La nature de leur attachement plaçait Westall et Julia tellement au-dessus de semblables éventualités qu’il leur était facile d’en discuter librement. Ils avaient même à tel point le sentiment de leur parfaite sécurité que Julia avait pris l’habitude d’insister tendrement sur la promesse que lui avait faite Westall de réclamer son dégagement quand il cesserait de l’aimer. L’échange de ces vœux semblait les rendre, dans un sens, les champions de la nouvelle loi, les pionniers dans le pays encore inexploré de la liberté individuelle: ils sentaient qu’ils avaient en quelque sorte atteint la félicité sans avoir passé par le martyre.

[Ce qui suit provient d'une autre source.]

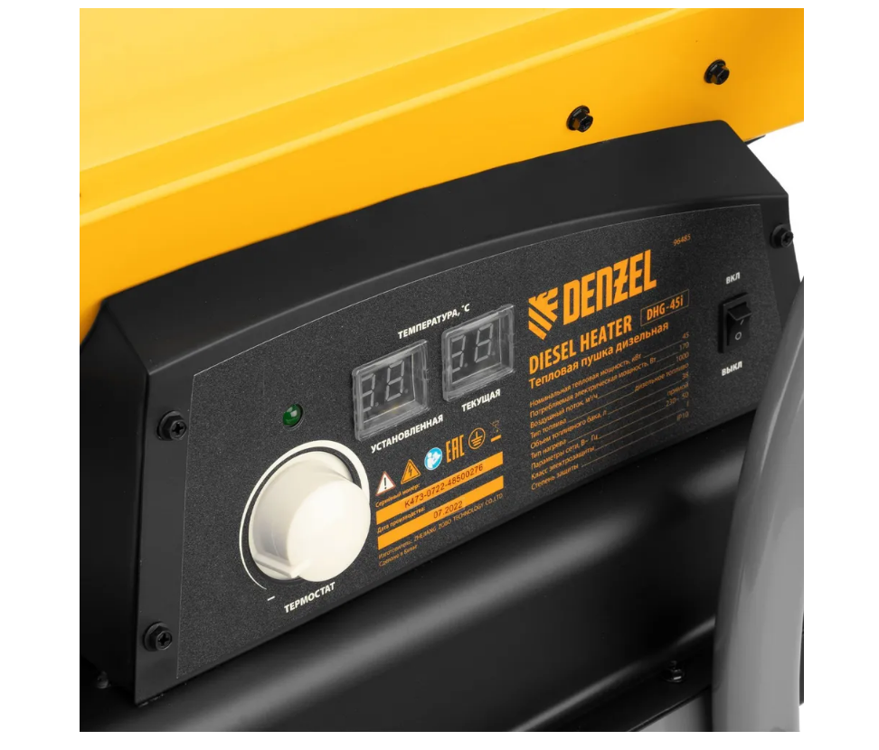 Дизельная тепловая пушка DENZEL DHG-45i, 45 кВт, 450 м2, с расходом воздуха 1000 м3/ч и прямым нагревом, цифровым термостатом и дисплеем, защитой от перегрева и трансформатором розжига

A cet instant où elle se remémorait son passé, Julia voyait nettement que telle avait été son attitude théorique vis-à-vis du mariage. C’était inconsciemment, insidieusement, que ses dix ans de bonheur avec Westall avaient produit une autre conception de ces liens, et comme un retour au vieil instinct de possession et de dépendance passionnée qui, aujourd’hui, la faisait bondir à la seule pensée de changement.

Changement? Renouvellement? Etaient-ce bien les mots qu’ils avaient employés dans leur absurde jargon? C’eût été bien plutôt destruction, extermination qu’il eût fallu nommer le fait de rompre les myriades de liens qui relient un être à un autre. Un autre? Mais non! Lui et elle ne faisaient qu’un, dans ce sens mystique qui seul peut donner au mariage sa raison d’être. La nouvelle loi n’était pas faite pour eux, mais pour les êtres séparés, condamnés à une union dérisoire. L’évangile qu’elle s’était crue appelée à propager n’avait aucun rapport avec son propre cas...

Un peu honteuse de son exaltation croissante, inexplicable, elle fit appeler un médecin et lui demanda un calmant pour les nerfs.

Elle s’empressa de le prendre... mais il ne calma pas ses appréhensions. Elle ne savait pas au juste ce qu’elle redoutait, et cela rendait son anxiété de plus en plus envahissante.

Son mari n’avait plus fait allusion à ses conférences du dimanche. Moins nerveux et plus maître de lui que d’habitude, il se montrait particulièrement bon et attentif; mais ses égards avaient une nuance de timidité qui suscitait en Julia de nouvelles terreurs. Elle avait beau se dire que c’était sans doute à cause de la visite du médecin et de la potion calmante que son mari montrait tant de déférence pour ses moindres fantaisies, mais cette explication devenait une source de nouvelles appréhensions.

La semaine passa lentement, sans rien d’anormal. Le samedi, le courrier du matin apporta un mot de Mrs Van Sideren. La chère Julia serait-elle assez aimable pour prier M. Westall de venir le lendemain une demi-heure plus tôt, parce qu’il devait y avoir de la musique après sa «conférence»? Westall partait justement pour son étude au moment où sa femme venait de lire ce billet. Elle ouvrit la porte du salon et le rappela pour lui transmettre le message. Westall jeta un coup d’œil sur la lettre et la rendit à sa femme:

—Quel ennui! Il me faudra abréger mon jeu de paume. Enfin je suppose qu’il est impossible de faire autrement. Voulez-vous répondre que c’est entendu?

Julia hésita un instant, sa main se crispant sur le dossier de la chaise contre lequel elle s’appuyait.

—Vous avez l’intention de continuer ces conférences? demanda-t-elle.